[TriLUG] help converting a perl script to zshell
Aaron S. Joyner
aaron at joyner.ws
Tue Apr 13 20:49:56 EDT 2004
Regular expressions to the rescue! :) Here's a regex (using plain-old
grep) to match precisely the char set you describe:
grep '[]*?~=/&;!#$%^(){}<>[]'
Note that the only tricky part is matching [ and ] -- you have to place
] as the first character, and [ as the last character, in the string.
The concept that makes the regular expression above work is a "character
class", that is anything enclosed in []'s is a class of characters which
can be a match.
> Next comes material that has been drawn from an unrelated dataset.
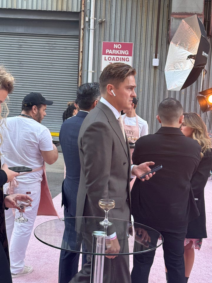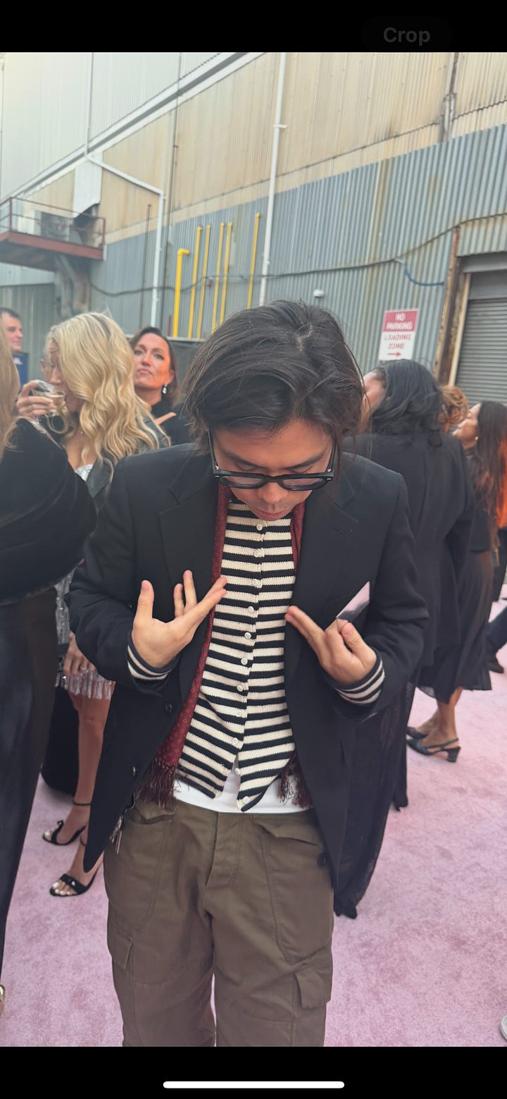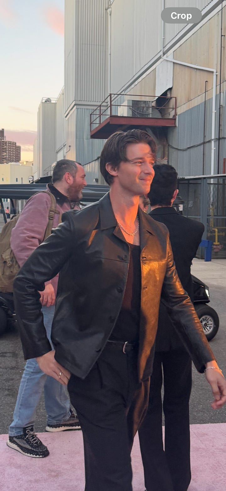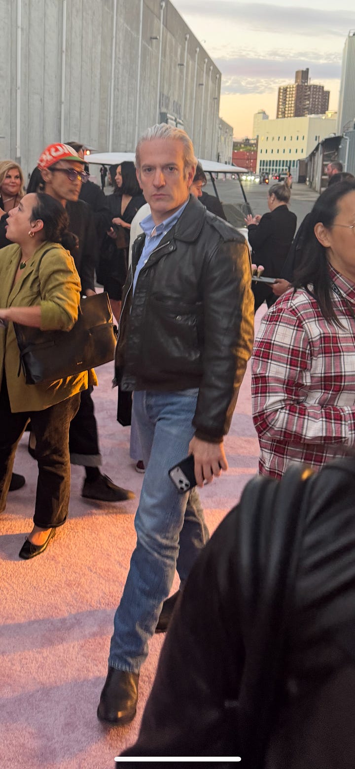 I saw four men in brown suede cropped jackets. This man is referencing the 2007 show when Justin Timberlake opened with sexy back in a full three-piece suit. Patrick Schwarzenegger walked past with a huge smile and what appears to me as unisex tailored blazer-like leather jacket—reminding me of this one from the spring 2025 Kallmeyer show. Locked eyes with the cutie Mel Ottenberg in his black leather bomber with rib trim. It felt like when I first moved to New York in 2012. Everyone was in New York blacks. Including myself.

You essentially want to match if any of these
characters appears in the string, and that's a nice compact and
shell-expansion safe way or writing it. Enclosing the whole thing in
single quotes is actually what prevents you from having to do all of the
shell escaping, you could have written your egrep example with about
half as many characters if you'd swapped the leading and ending double
quotes for single quotes, and dropped all the backslashes. You might
also want to drop files with quotes in them, which is only slightly more
difficult - the easiest way is to just do it as a separate grep
something like this:
grep '"' or
grep "'"
(that's a double quote in single quotes, or a single quote in double
quotes, depending on which one you want to match)
Or if you don't like nearly-illegible regex's:
grep [\'\"]
Actually, I just noticed your find command that you included -- you were
really close with that one! :) Another way to do the same thing would
be this:
find /your/directory -regex '.*[]*?~=/&;!#$%^(){}<>[].*'
Note the .* at the beginning, and the use of -regex not -iname. Regex
will use a regular expression, and the enclosing .*'s allow it to match
against any single character (find's regex implies a leading ^ and
closing $ in traditional regex terms).
Hope that helps!
Aaron S. Joyner
PS - none of the regex's I included have a space in them. If you want
to throw out files with spaces in the name, just chunk a space in the
middle of one of the regex's and it'll do the trick. :)
Smith, Brett wrote:
>I will try your regex for zsh
>[^[:alpha:][:digit:]-/.]
>the problem is the amount of metas I need to weed out.
>These are the characters I need out. *?[]~=/&;!#$%^(){}<>
>I can't get egrep or find to get all the files. White spaces are a problem.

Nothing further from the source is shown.